P0: System Failures | P1: User Intent Not Met | P2: Limited Value |
---|---|---|
These failures block task progression | These failures create low perceptions of value | |
Helpful or unhelpful error | Missing needed functionality | Latency |
Doesn’t return anything | Ignored prior input | Tone/style |
Output is nonsensical | Internal Inconsistency | Responses are too noisy or lack precision |
Exposes PII or other sensitive information | Irrelevant output | Deflection to self-service |
Math error | Not grounded appropriately | Missing actionability |
Factual error | Not aligned with policy or best practices | |
Contradicts capabilities | Didn’t understand input intent | |
False action or task completion | Implicit context ignored | |
Missing a record or field | Not comprehensive |
How to triage user issues and increase trust
Understanding this taxonomy is the first step. The next is applying it to your agent development lifecycle to build trust and increase adoption.

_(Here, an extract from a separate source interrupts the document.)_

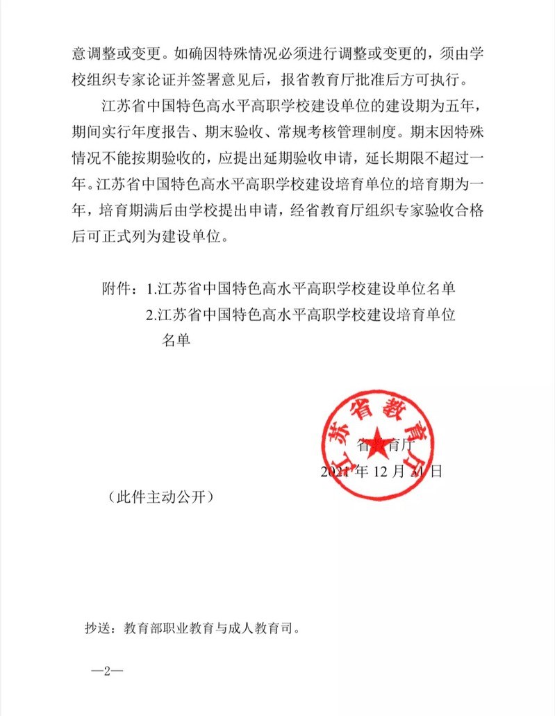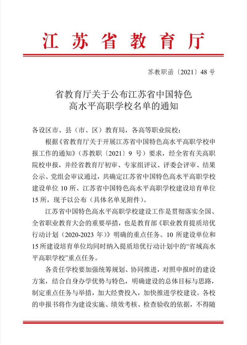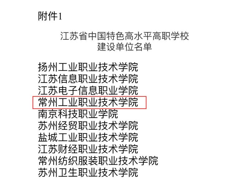 根据省教育厅文件《省教育厅关于公布江苏省中国特色高水平高职学校名单的通知》,我校成功入选江苏省中国特色高水平高职学校建设单位名单。这标志着我校在“十四五”开局之年正式迈入省高水平高职学校行列,既是对学校综合实力的极大肯定,也是对常工业人自强不息、砥砺前行奋斗精神的极大鼓励。学校事业发展将站在一个全新平台之上,美誉度和影响力上升到一个更高层次,对学校未来发展具有里程碑意义和深远历史价值。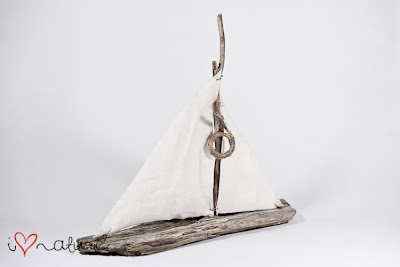 Trzeci - "Sailboat" Żaglówka wykonana z kawałka drewna, gałązki oraz materiału typu surówka. Podstawa stateczku oryginalnie posiadała dziurę, w której wcześniej był sęk a więc wykorzystałam materiał bez ingerencji w jego strukturę. Koło ratunkowe wykonanałam z drewna jesionowego i zgrzebnego sznurka i zawiesiłam na odstającej z masztu gałązce.Oczka przytrzymujące żagle wykonałam z druciku, przez które przewlekłam dratwę która napięta utrzymuje kształt materiałowych żagli.

1. Diagnose and triage failures
When P0 System Failures are absent but users are reporting issues, you can use the Failure Points Taxonomy to speed up issue diagnosis during testing. Additionally, to scale this work, you can use an LLM-as-judge evaluation method to more consistently identify the more subtle P1 (User Intent) and P2 (Limited Value) failures.
2. Conduct sentiment analysis
Use sentiment analysis to identify negative value issues expressed by users that traditional testing isn’t picking up. Phrases like, “That’s not right” or “It’s missing X” are critical pieces of feedback. Monitoring this sentiment, especially in multi-turn conversations, is key to diagnosing P1 and P2 issues in the wild.
3. Power up prompts
Vague prompts lead to P1 and P2 failures. Enable agents to clarify ambiguous prompts, a feature that not only improves output quality but also teaches the user how to write clearer, more effective prompts, ultimately reducing agent abandonment.
4. Clearly define agent scope
Manage user expectations by clearly defining what the agent can and can’t do for them up front. For queries that fall outside its domain, program the agent to recommend alternative tools or hand-offs. This small act of transparency prevents frustration and builds enduring trust.
Designing for trust and adoption
The future of Agentic AI isn’t decided by a technical score, it’s going to be decided by user trust and value. By shifting our focus from pure accuracy to the user’s perception of what’s worth it, we can design, build, and deploy agents that don’t just work, but become indispensable tools that users will adopt and champion.